Ну, Толика я знал давно. Типичный пропойца. Не прибавить – не убавить.
– А я тут вентилями торгую, – сказал Толик.
– А я иду в канцелярский, – сказал я.
– А я тут вентилями торгую. Мы с матерью в общаге живём для железнодорожников. Как мы там очутились, уже никто и не вспомнит. Условия там – хуже свинарника. На четыре этажа – общая душевая. Там шесть сосков было до вчерашнего дня. Но вчера у меня выпивон кончился, средств на новую порцию не предвиделось, поэтому пришлось маленько попотеть. Разобрал хозяйство как мог. В металлолом сдал. Выручка – с гулькин хуй. И всё же. А сегодня про вентили вспомнил. Скрутил. Торгую. Тут иногда можно нажиться. Прилично одетые пенсионерки дюже падкие до стареньких вентилей. Это вполне объяснимо с точки зрения психологии, – сказал Толик.
– Знаю. Знаю. Мужское начало. Безотцовщина, беззамужество, бессыновнич…Плач по упущенным возможностям. Так? – сказал я.
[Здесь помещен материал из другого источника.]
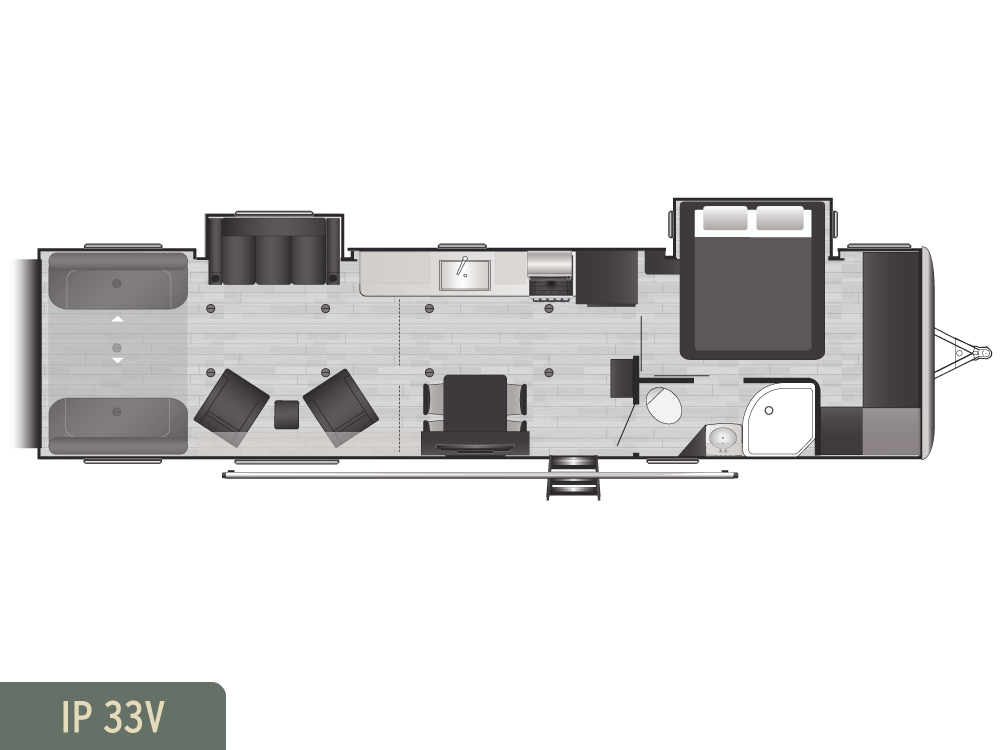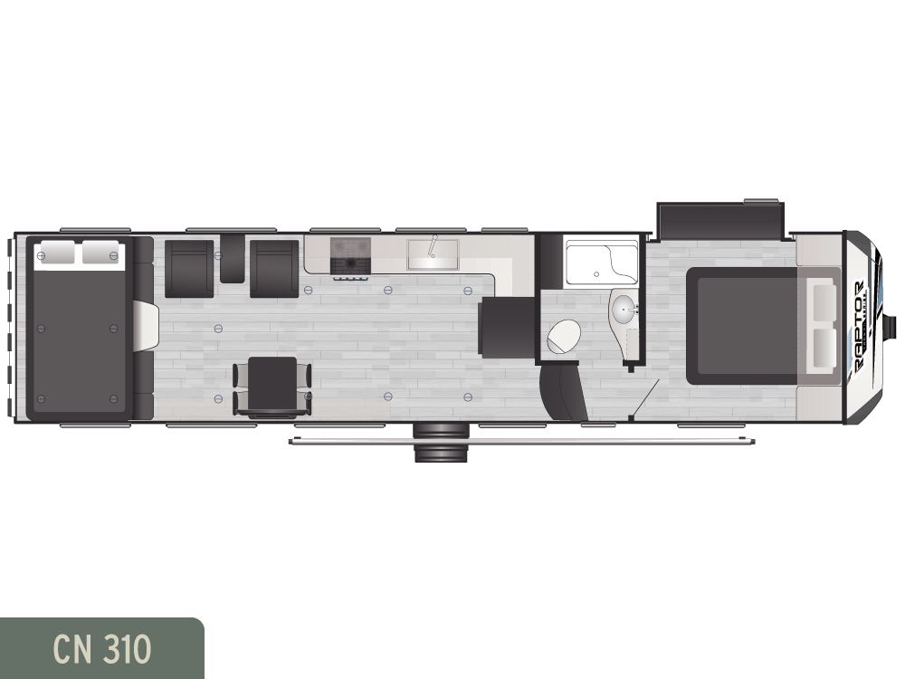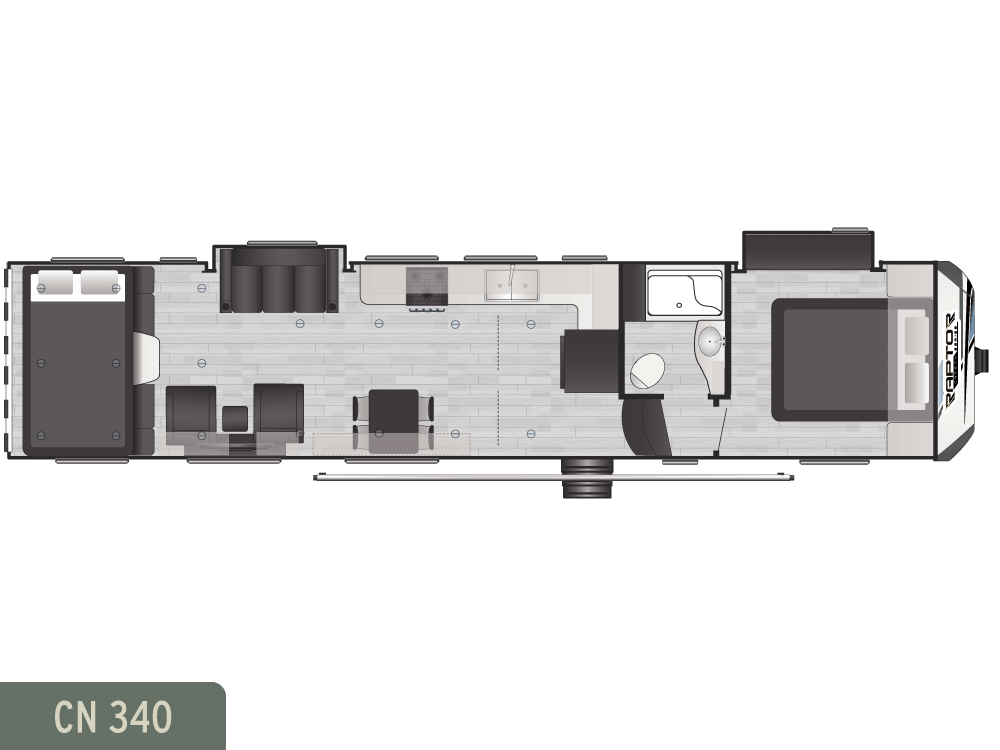 Toy hauler floorplans starting at 32'3" and 7,000 lbs.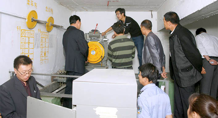 电梯公司工程技术人员现场讲解盘车救援操作步骤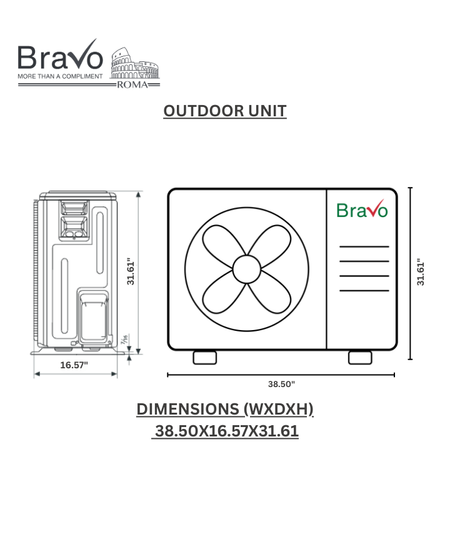 Stay comfortable year-round with the Bravo Roma 36,000 BTU (3 Ton) ductless mini split air conditioner and heat pump system. Designed for spaces up to 1,500–2,200 sq. ft., this high-performance unit delivers both cooling and heating in one sleek, compact design. Operating on 208/230V power, it’s perfect for residential and light commercial installations.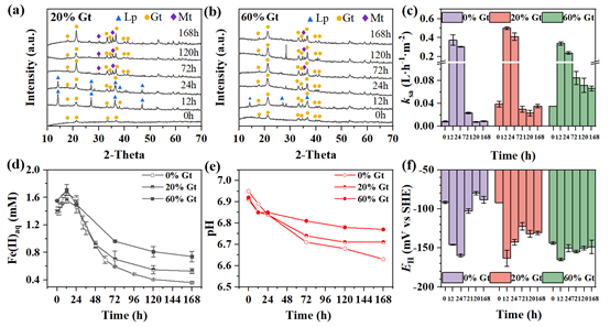 图4 针铁矿-水铁矿共存体系的矿物组成、硝基苯还原速率以及还原能力的变化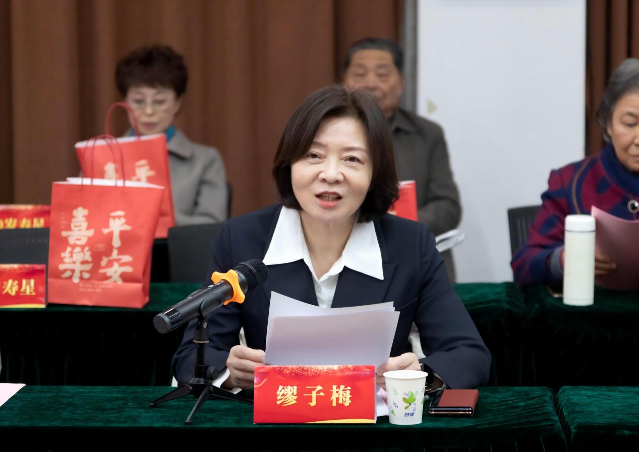 缪子梅在讲话中代表学校党政班子和全校教职员工向老同志们表达了真挚的问候和衷心的祝福。她表示,学校今日的成就离不开离退休老同志的卓越贡献。他们在风华正茂的年龄,将满腔热血和聪明才智无私奉献给了国家林业教育与科研事业,在各自的岗位上呕心沥血、辛勤耕耘,为学校事业发展壮大奠定了坚实基础,是南林的宝贵财富。她向老同志们简要通报了学校今年取得的成果和"一校三区"的建设情况。她表示,学校将继续认真落实老同志各项政治待遇和生活待遇,持续推进校园基础设施修缮与改造,加强平安校园建设,不断优化校园景观和文化环境,为实现离退休"六个老有"工作目标创造更好的条件。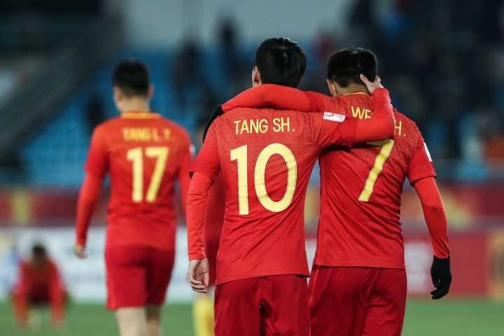 比赛第94分钟,韦世豪中场拿球奔袭近50米,在禁区外围起脚劲射击中横梁,错失了绝平的机会。输掉比赛的韦世豪懊恼不已,跪倒在地。队友唐诗见状,走上前来将韦世豪扶起,并给他送上了友情的拥抱予以安慰。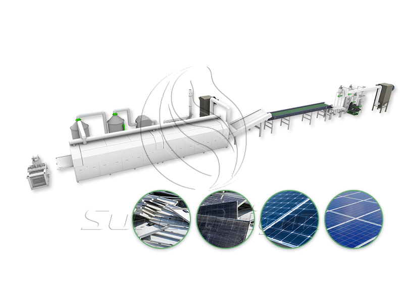 The Solar PV Panel Recycling Machine works together with the Frame Removal Machine, Glass Removal Machine, and Solar PV Panel Dismantling Machine to efficiently separate aluminum frames, glass, copper, silicon powder, silver, and plastic from photovoltaic modules, while the pyrolysis furnace and tunnel furnace further support clean and effective material processing.

– А вот и нет. Это глубже. Тебе не понять, – засиял Толик.
– Пойду в канцелярский, – сказал я.
– Хочешь, объясню твою любовь к канцелярии с психологической точки зрения? – спросил Толик.
– В другой раз, – сказал я.Пошёл в канцелярский. И, надо же, прямо у магазина «Автозапчасти» встретил Толика.
– А как же вентили? – спросил я.
– Какие вентили? Голову с утра надо в порядок приводить. Лучший способ – клин клином вышибать. Денатурат – денатуратом. Чернила – чернилами. Синьку – синькой, – сказал Толик.
Толика я знал давно. Типичный ханыга. Не прибавить – не убавить.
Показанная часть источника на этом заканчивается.